BEGIN Records for this exercise

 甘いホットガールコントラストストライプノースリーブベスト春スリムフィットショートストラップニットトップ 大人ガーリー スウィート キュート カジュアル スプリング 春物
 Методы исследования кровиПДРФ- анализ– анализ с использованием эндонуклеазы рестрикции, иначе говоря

END Records for this exercise
BEGIN Records for this exercise

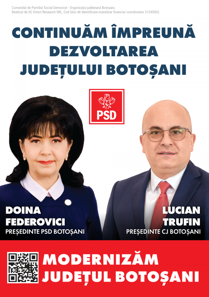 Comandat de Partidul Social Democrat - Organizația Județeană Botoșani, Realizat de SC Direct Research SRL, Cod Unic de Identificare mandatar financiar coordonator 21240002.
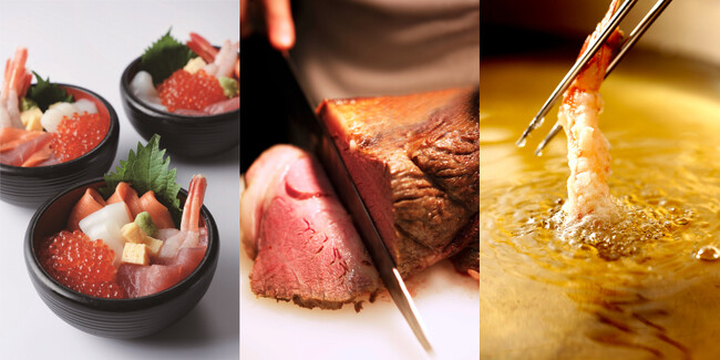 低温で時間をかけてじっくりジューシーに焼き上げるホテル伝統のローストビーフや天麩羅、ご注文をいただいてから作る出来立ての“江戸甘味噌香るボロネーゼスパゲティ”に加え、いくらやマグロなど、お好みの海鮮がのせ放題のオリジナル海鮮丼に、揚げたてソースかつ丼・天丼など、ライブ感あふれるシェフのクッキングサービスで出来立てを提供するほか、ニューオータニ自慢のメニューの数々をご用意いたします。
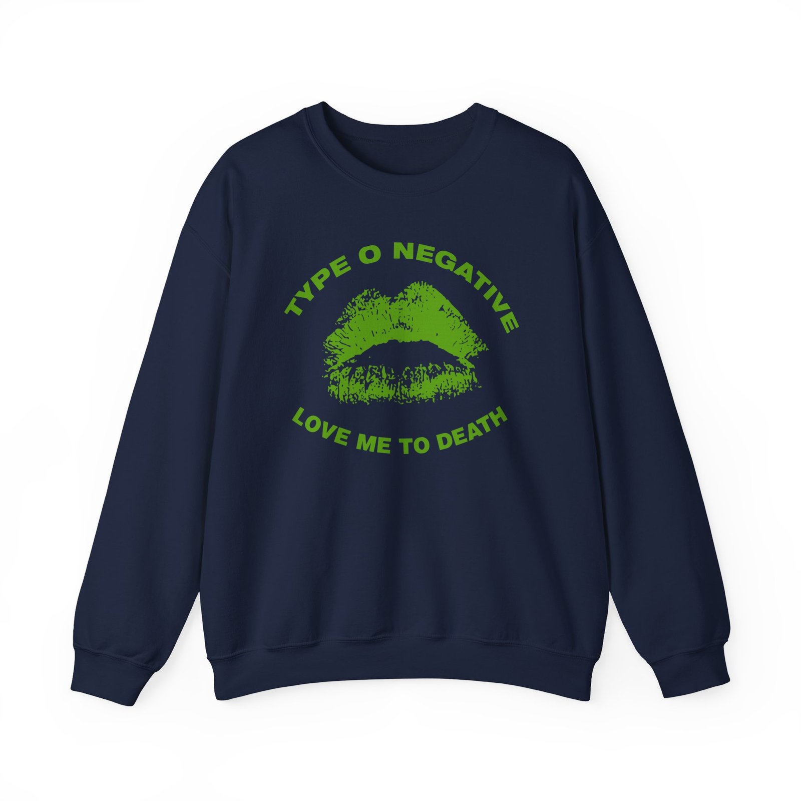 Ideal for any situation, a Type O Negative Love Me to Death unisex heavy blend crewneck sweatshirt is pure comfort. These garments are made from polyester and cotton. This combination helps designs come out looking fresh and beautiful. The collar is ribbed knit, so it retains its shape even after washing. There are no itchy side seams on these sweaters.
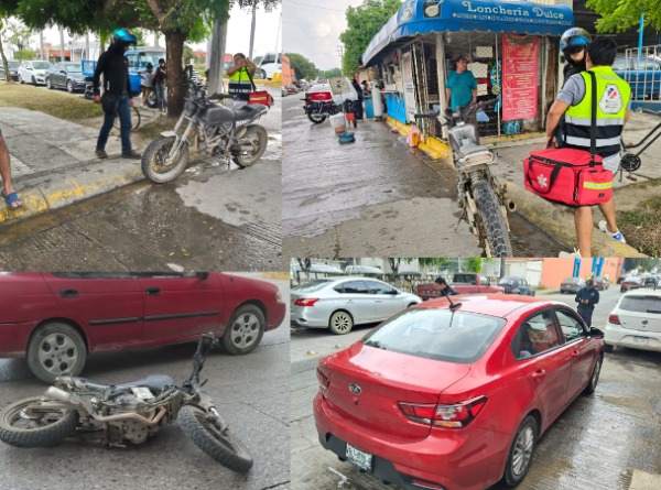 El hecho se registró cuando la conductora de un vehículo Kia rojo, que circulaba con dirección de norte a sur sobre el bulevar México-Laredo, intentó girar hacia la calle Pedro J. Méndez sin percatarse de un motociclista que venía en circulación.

END Records for this exercise

• Assigned task:
Look back over the records above. Reproduce exactly everything from the line with "低温で時間をかけてじっくりジ" down to the line with "El hecho se", inclusive, and leave the pictures out.

• Solution to the problem:
 低温で時間をかけてじっくりジューシーに焼き上げるホテル伝統のローストビーフや天麩羅、ご注文をいただいてから作る出来立ての“江戸甘味噌香るボロネーゼスパゲティ”に加え、いくらやマグロなど、お好みの海鮮がのせ放題のオリジナル海鮮丼に、揚げたてソースかつ丼・天丼など、ライブ感あふれるシェフのクッキングサービスで出来立てを提供するほか、ニューオータニ自慢のメニューの数々をご用意いたします。
 Ideal for any situation, a Type O Negative Love Me to Death unisex heavy blend crewneck sweatshirt is pure comfort. These garments are made from polyester and cotton. This combination helps designs come out looking fresh and beautiful. The collar is ribbed knit, so it retains its shape even after washing. There are no itchy side seams on these sweaters.
 El hecho se registró cuando la conductora de un vehículo Kia rojo, que circulaba con dirección de norte a sur sobre el bulevar México-Laredo, intentó girar hacia la calle Pedro J. Méndez sin percatarse de un motociclista que venía en circulación.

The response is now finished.